A new experimental workflow has been developed to profile proteins from extracellular vesicles (EVs) in the blood of healthy donors and melanoma patients. This method, called SEC-DIA-MS, integrates size-exclusion chromatography with data-independent acquisition mass spectrometry, allowing for deep proteomic profiling with minimal sample input. Remarkably, using just 200 µL of plasma, the study identified 2,896 EV-associated proteins, which is a 3.5-fold increase in depth compared to previous melanoma research.
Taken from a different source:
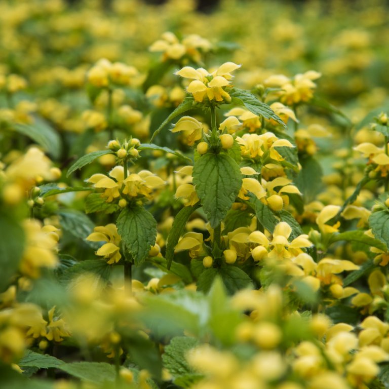 Die Goldnessel ist ein unentbehrlicher Bodendecker, der selbst im tiefen Schatten noch problemlos gedeiht. Im Mai setzen die großen Lippenblüten hübsche, gelbe Farbtupfer in den dichten Laubteppich der robusten Goldnessel. Mit ihren langen, rankigen Ausläufern überzieht sie rasch auch große Flächen unter Laubgehölzen und verdrängt dabei lästiges Unkraut.

Additionally, the researchers employed an automated protocol to deplete the most abundant proteins from plasma and serum, which roughly doubled the protein group identifications compared to unenriched blood. The EV proteome was distinct from unenriched plasma and serum and could differentiate between samples from healthy donors and melanoma patients. Notably, melanoma markers like MCAM, TNC, and TGFBI were upregulated in melanoma EVs but not in depleted plasma, underscoring the unique and specific information EVs carry.

The study also found that EVs were significantly enriched in intact membrane proteins and proteins linked to SNARE interactions and T-cell biology. This advancement in EV-based proteomic analysis is significant as it can be applied to larger patient cohorts and potentially extended to other diseases, enhancing its utility as a tool for biomarker discovery.